We assume all cut elements have the same number of volume quadrature points (which is at least the dimension of a degree 2N polynomial space).

The field objects contains a tuple of the objects used to define the cut region.

The field cut_cell_operators contains optionally precomputed operators (mass, differntiation, face interpolation, and lifting operators).

The field cut_cell_data contains additional data from PathIntersections.
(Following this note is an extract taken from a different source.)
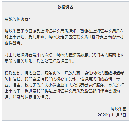 针对两地上市暂缓一事,蚂蚁集团在官方微信公号发布《致投资者》一文回应致歉:
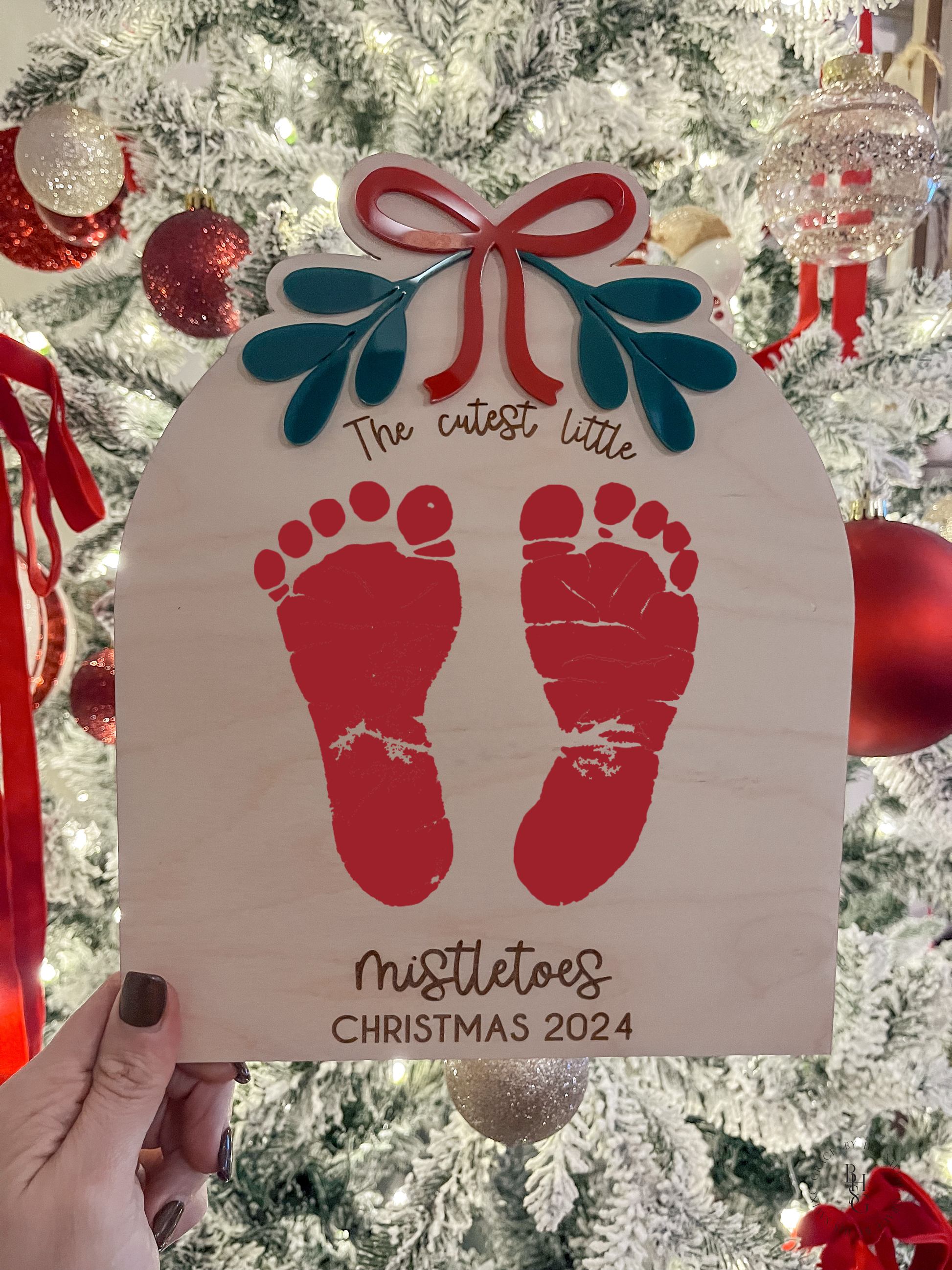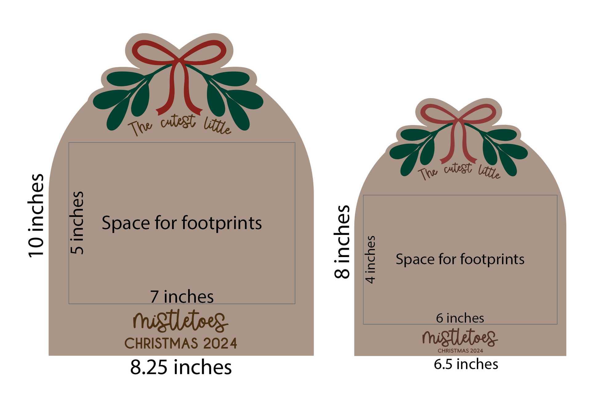 This holiday season, make memories you’ll treasure forever with The Cutest Littles Mistletoes Footprint Sign. We offer this sign in two sizes that let you capture your baby’s or toddler’s footprint using paint, creating a keepsake that will make your heart smile for years.

struct MeshData{Dim, Tv, Ti}

MeshData: contains info for a high order piecewise polynomial discretization on an unstructured mesh.

Example:

N, K1D = 3, 2
rd = RefElemData(Tri(), N)
VXY, EToV = uniform_mesh(Tri(), K1D)
md = MeshData(VXY, EToV, rd)
(; x, y ) = md

MeshData(rd::RefElemData, objects, 
         vx::AbstractVector, vy::AbstractVector,
         quadrature_type=Subtriangulation(); 
         quad_rule_face=get_1d_quadrature(rd), 
         precompute_operators=false)

Constructor for MeshData utilizing moment fitting. Does not guarantee positive quadrature weights, and is slower due to the use of adaptive sampling to construct

!!! Warning: this may be deprecated or removed in future versions.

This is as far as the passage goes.